Когда он разжимает ладонь, с усилием, словно она принадлежит кому-то другому, и мучительно трет переносицу, становится ясно, что маленькому смотрителю Отеля больше ничего не угрожает. Петюня освобождает Оскара и недолго, мгновение-другое, стоит на коленях, не поднимая головы, а прямо под его пальцами – теперь они все это замечают – снег оказывается пористый, мутно-розовый, так что ему приходится отдернуть руки, словно под ними кипяток, словно он в самом деле их ошпарил. Петюня пятится, не поднимаясь, как мексиканский паломник, перепутавший направление, в котором следует ползти. Мимо Лизы, обнимающей зареванную Ванину жену. Мимо пьяного от ужаса Вадика. Натыкается спиной на металлические перила, и ныряет под них, и быстро рушится вниз, неловко, некрасиво сползает животом по каменистому склону, обламывая торчащие осколки льда, с хрустом и грохотом.
Таня щелкает зажигалкой и делает огромный жадный вдох, заполняя легкие едкой горечью горящего фильтра. Последняя сигарета погибла напрасно.

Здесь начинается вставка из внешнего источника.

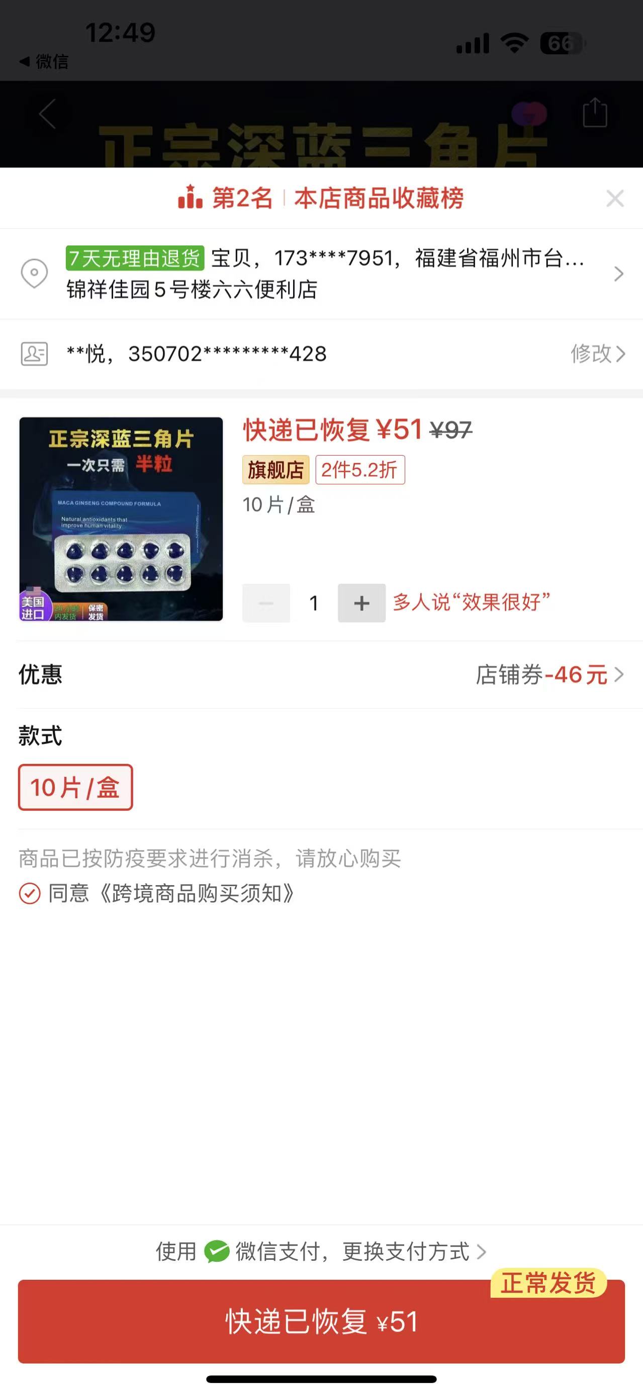 ①進口深藍三角片1盒10粒+②每粒堅1粒

Позади начинается какая-то суета; прошло уже почти три минуты, и всякой немой сцене рано или поздно приходит конец. Ей ни к чему оборачиваться. Она разглядывает исцарапанную ладонь своего мужа, дрожащую на Сониных заиндевевших волосах. Смотрит, как он плачет.
– Соня, – всхлипывает Петюня, склонившись так низко, что губы его почти касаются застывшего Сониного лица. – Сонечка.

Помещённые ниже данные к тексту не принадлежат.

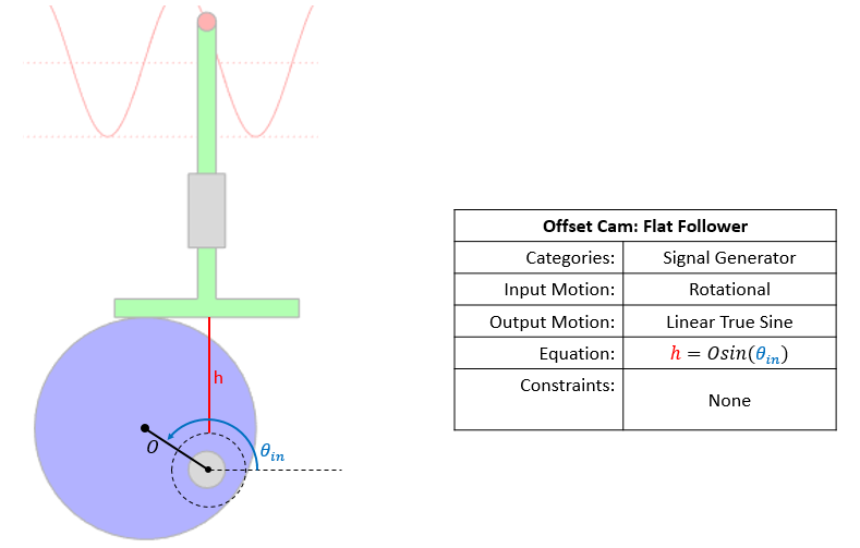 Taking a circular cam and running it eccentrically on a shaft does create a sinusoidal output, so long as the follower is a flat plate perpendicular to the motion of the slider (see also the roller and point variants). The magnitude of the oscillation is simply the offset between the cam center and the rotation center, O.
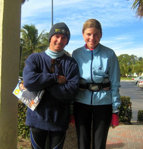Today was the coldest day of our winter season, 32 deg for the start. I heard the wind when I was getting ready for the run, so I smeared Vaseline on my cheeks, nose and chin. That would help with a cold breeze! I was dressed correctly and made sure that I had the thick real ski gloves on instead of anything thin. My hands have little resiliency to cold, once they get the chill, it’s only a shower that cures them and not much more. I also had to bring my own water, I guessed that maybe the county might shut off the beach fountains if they feared a freezing of their pipes. It never happened, but I had my small 35oz. belt Camelbak with warm water in it. Next time, I’d change and go with HOT water, ’cause it cooled off pretty quickly. I also brought two gels and a lip balm. All worked well, I only used one gel, we weren’t slated to run fast, so it was a novelty for me to eat that at 12mi. We were going to run straight up Jupiter Island, but my awareness of the NW wind from yesterday had me suggest that we do 2 laps of the inlet run, familiar roads, water & rest rooms the whole way – Charlotte agreed. I didn’t wanna be exposed to the wind in the beginning part of Jupiter Island. The first way to the inlet was cold and dark out. We made a habit of walking and drinking our fluids where the Sat water stops would normally be. I stopped in a bathroom at the pier early on to pee and clean my glasses. Char’s hands were cold very quickly, even with a liner glove and good ski mittens. She said they warmed some later. Mine fared better, my thumbs got cold so I tucked them in with the rest of my fingers til they warmed. Miles later – my hands got warm, then slightly clammy from sweat. I was happy they didn’t chill like Char’s, she was hurting.

Таня смотрит теперь только на него. И запоминает.
Оскар встает и тщательно, двумя руками счищает снег со своей клетчатой куртки, затем нагибается и отряхивает колени. Хлопает одетыми в перчатки ладошками.
– Я принесу веревки, – говорит он. – Нужно поднять тело.
Поднятое Сонино тело оказывается похоже на манекен из магазина спорттоваров. На неудачную гипсовую скульптуру из ЦПКиО. На девушку без весла. Непобедимый rigor mortis, усиленный ночным морозом, не позволил вернуть на место раскинутые в стороны руки и помешал выпрямить согнутое колено, так что семьсот метров до Отеля им приходится нести ее как растопыренную твердую куклу. Как деревянное распятие. Чертов Оскар, вернувшийся с веревками, не догадался захватить ни пледа, ни одеял, и, оскальзываясь на хрустящих кромках дорожки, слишком узкой для четверых идущих парами мужчин, они все время видят тени облаков и черных веток, скользящих по стеклянной поверхности ее заледеневших щек. Повернуть ее лицом вниз они все-таки не решились; этому телу достаточно выпало унижений. Хмурый гаденыш обиженно топает впереди и не оборачивается. Кажется, он вот-вот ускорит шаг. Перейдет на бег. Оторвется от них и исчезнет за поворотом, в беззвучной белизне. Сгинет. И, добравшись до Отеля, они обнаружат только наглухо запертую дверь, за которой не окажется никого.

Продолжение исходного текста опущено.